→ To do
Give the data again exactly as written, skipping any pictures.

→ Given information
>>>

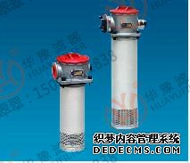 (2)性能與特點 1.安裝連接方便,簡化系統管路:本過濾器直接安裝在油箱蓋板上,過濾器濾頭露在油箱外,回油筒體浸入油箱內,進油口設有管式與法蘭式連接,從而簡化了系統管路。使系統布置較為緊湊,安裝連接更方便。
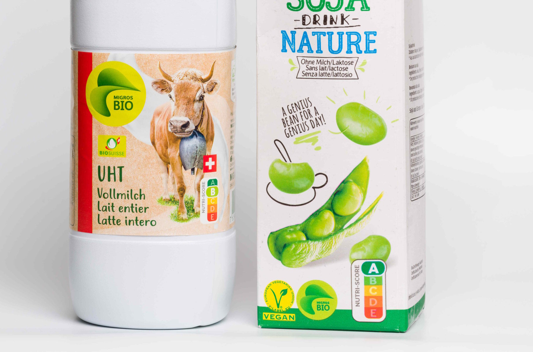 Vollmilch wird in Zukunft nicht mehr das hellgrüne B, sondern das gelbe C tragen, auch der Soja-Drink wird nicht mehr einen A-Score tragen: Nur Wasser wird in Zukunft noch mit A bewertet.
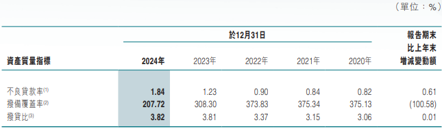 此前,东莞农商银行的不良贷款率已连升4年。2020年末、2021年末、2022年末、2023年末、2024年末,东莞农商银行的不良贷款率分别为0.82%、0.84%、0.90%、1.23%、1.84%。

<<<

→ Response
 (2)性能與特點 1.安裝連接方便,簡化系統管路:本過濾器直接安裝在油箱蓋板上,過濾器濾頭露在油箱外,回油筒體浸入油箱內,進油口設有管式與法蘭式連接,從而簡化了系統管路。使系統布置較為緊湊,安裝連接更方便。
 Vollmilch wird in Zukunft nicht mehr das hellgrüne B, sondern das gelbe C tragen, auch der Soja-Drink wird nicht mehr einen A-Score tragen: Nur Wasser wird in Zukunft noch mit A bewertet.
 此前,东莞农商银行的不良贷款率已连升4年。2020年末、2021年末、2022年末、2023年末、2024年末,东莞农商银行的不良贷款率分别为0.82%、0.84%、0.90%、1.23%、1.84%。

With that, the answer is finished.